Monitoring specific columns

detector = DistributionDriftDetector(
    columns=["heart_rate", "spo2", "glucose"],
)
detector.fit(train_df)

Tuning thresholds

# Tighter thresholds for a high-stakes mortality model
detector = DistributionDriftDetector(
    psi_threshold_medium=0.05,
    psi_threshold_high=0.1,
)

DataQualityChecker

Checks null rates, schema drift (added/removed/retyped columns), and row count anomalies. Can be used standalone or fitted on a reference DataFrame to detect schema changes between pipeline runs.

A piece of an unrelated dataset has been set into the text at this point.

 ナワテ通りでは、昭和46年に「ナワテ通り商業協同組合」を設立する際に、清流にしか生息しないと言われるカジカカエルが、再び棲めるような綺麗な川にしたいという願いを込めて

from clinops.monitor import DataQualityChecker

checker = DataQualityChecker(
    required_columns=["subject_id", "charttime", "heart_rate"],
    max_null_rate=0.3,
    min_rows=100,
)
checker.fit(train_df)   # learn reference schema and row count

report = checker.check(incoming_df)
print(report.summary())

if not report.passed:
    raise RuntimeError(f"Data quality check failed:\n{report.summary()}")

Issue types

Issue type Severity Trigger
high_null_rate warning Column null rate > max_null_rate
all_null error Required column is entirely null
column_removed error/warning Column present in reference but missing from current
column_added warning Column not present in reference
dtype_changed warning Column dtype differs from reference or expected_dtypes
row_count_anomaly error/warning Rows below min_rows, above max_rows, or < 50% of reference

Standalone use (no reference schema)

report = DataQualityChecker(
    required_columns=["subject_id"],
    max_null_rate=0.5,
).check(df)

Typical pipeline integration

from clinops.monitor import DistributionDriftDetector, DataQualityChecker

# Fit once on training data
quality_checker = DataQualityChecker(required_columns=["subject_id", "charttime"])
quality_checker.fit(train_df)

drift_detector = DistributionDriftDetector()
drift_detector.fit(train_df)

# Run on each new batch
def validate_batch(batch_df):
    quality_report = quality_checker.check(batch_df)
    if not quality_report.passed:
        raise RuntimeError(quality_report.summary())

    drift_report = drift_detector.detect(batch_df)
    high_drift = drift_report.drifted_columns(DriftSeverity.HIGH)
    if high_drift:
        # alert, log, or block depending on your policy
        logger.warning(f"HIGH drift detected: {high_drift}")